The build.yaml workflow is responsible for building the docker images from the three application modules: vote, worker, and result. It then stores them in the ECR private registry (Dockerhub registry can also be used alternatively, though ECR is seamless being an AWS service) . These docker images will then be deployed to the Kubernetes (EKS) cluster from the ECR registry.

The postgresql and redis images will be downloaded directly from the Docker registry and used in Kubernetes.

Here is the code for build.yaml

name: Build Application Images and store in ECR
on:
  push:
    branches:
      - "main"
    paths:
      - .github/workflows/build.yaml
      - "result/**"
      - "vote/**"
      - "worker/**"
env:
  AWS_REGION : "us-east-1"
  ENV: "prod"
permissions:
  id-token: write
  contents: read
jobs:
  build:
    name: create application images from source code and store them in the ECR
    runs-on: ubuntu-latest
    steps:
      - name: Update runner's docker Version, as worker module requires it
        run: |
          docker --version
          sudo apt update
          sudo apt install apt-transport-https ca-certificates curl software-properties-common -y
          curl -fsSL https://download.docker.com/linux/ubuntu/gpg | sudo gpg --dearmor -o /usr/share/keyrings/docker-archive-keyring.gpg
          echo "deb [arch=$(dpkg --print-architecture) signed-by=/usr/share/keyrings/docker-archive-keyring.gpg] https://download.docker.com/linux/ubuntu $(lsb_release -cs) stable" | sudo tee /etc/apt/sources.list.d/docker.list > /dev/null
          sudo apt update
          apt-cache policy docker-ce
          sudo apt install docker-ce -y
          docker --version

      - name: Checkout code from GitHub to runner
        uses: actions/checkout@v2
        with:
          token: ${{ secrets.GITHUB_TOKEN }}

      - name: Configure AWS Credentials
        uses: aws-actions/configure-aws-credentials@v1
        with:
          aws-access-key-id: ${{ secrets.AWS_AP_ACCESS_KEY }}
          aws-secret-access-key: ${{ secrets.AWS_AP_SECRET_KEY }}
          aws-region: ${{ env.AWS_REGION }}

      - name: Login to Amazon ECR
        id: login-ecr
        uses: aws-actions/amazon-ecr-login@v1

      - name: Build, tag, and push the vote docker image to Amazon ECR
        id: build-vote-image
        env:
          ECR_REGISTRY: ${{ steps.login-ecr.outputs.registry }}
          ECR_REPOSITORY: voting-app
          IMAGE_TAG: vote-${{ env.ENV }}-latest
        # Build docker images for vote module and push it to ECR so that it can be deployed to EKS
        run: |
          docker build -t $ECR_REGISTRY/$ECR_REPOSITORY:$IMAGE_TAG --build-arg aws_region=${{ env.AWS_REGION }} --build-arg copy_or_mount="copy" -f vote/Dockerfile ./vote
          docker push $ECR_REGISTRY/$ECR_REPOSITORY:$IMAGE_TAG
          echo "::set-output name=image::$ECR_REGISTRY/$ECR_REPOSITORY:$IMAGE_TAG"

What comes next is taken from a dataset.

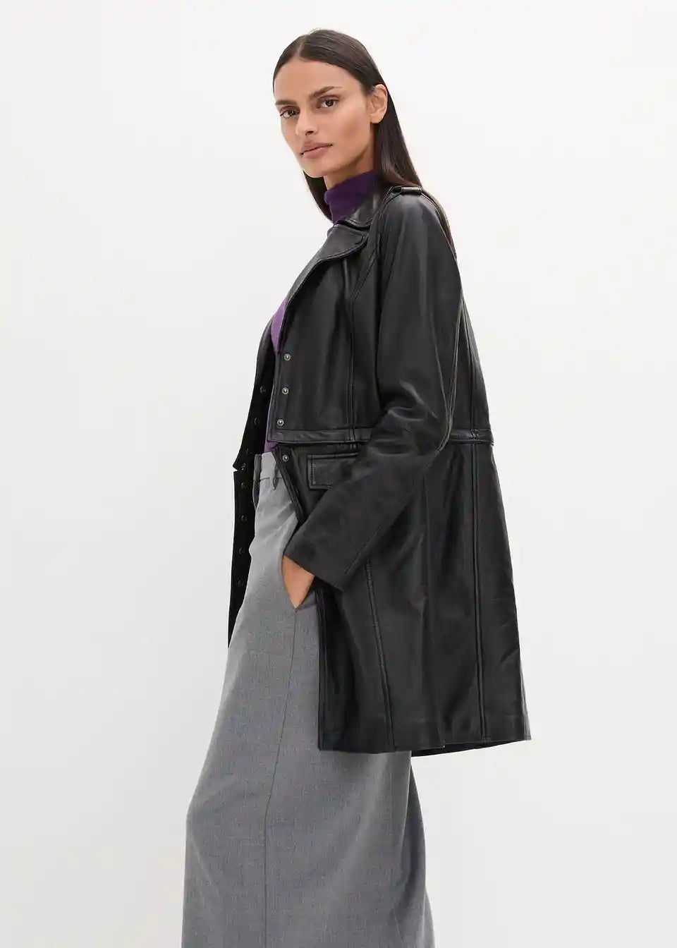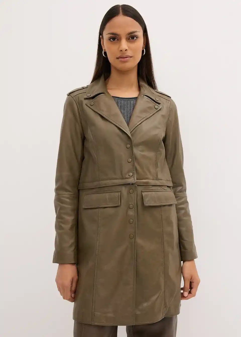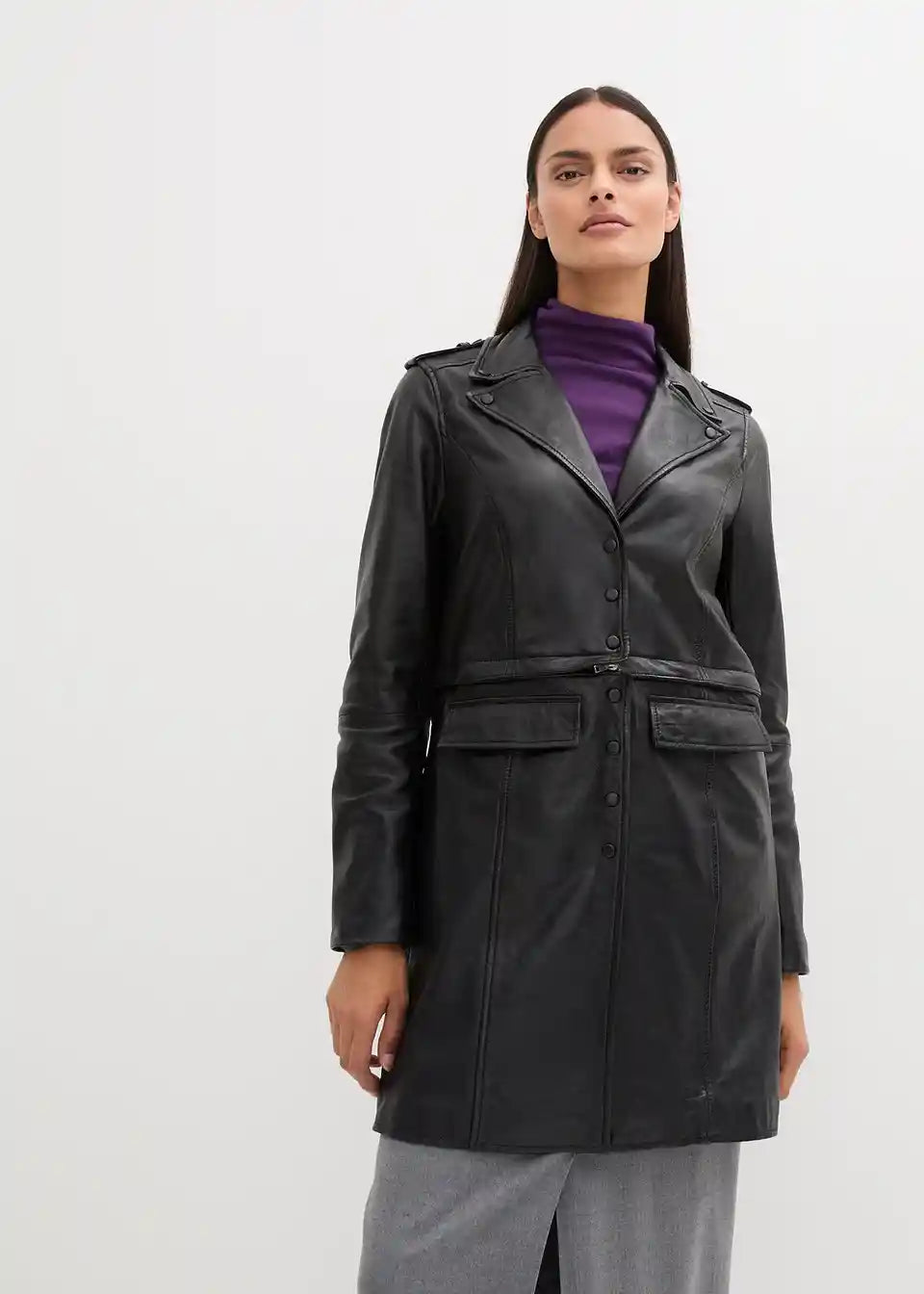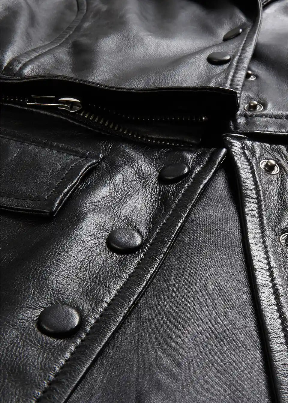 Usnjena jakna z različnimi možnostmi nošenja: v kratki različici kot motoristična jakna ali v dolgi različici kot trenčkot

      - name: Build, tag, and push the result docker image to Amazon ECR
        id: build-result-image
        env:
          ECR_REGISTRY: ${{ steps.login-ecr.outputs.registry }}
          ECR_REPOSITORY: voting-app
          IMAGE_TAG: result-${{ env.ENV }}-latest
        # Build docker images for result module and push it to ECR so that it can be deployed to EKS.
        run: |
          docker build -t $ECR_REGISTRY/$ECR_REPOSITORY:$IMAGE_TAG --build-arg aws_region=${{ env.AWS_REGION }} --build-arg in_aws="yes" --build-arg copy_or_mount="copy" -f result/Dockerfile ./result
          docker push $ECR_REGISTRY/$ECR_REPOSITORY:$IMAGE_TAG
          echo "::set-output name=image::$ECR_REGISTRY/$ECR_REPOSITORY:$IMAGE_TAG"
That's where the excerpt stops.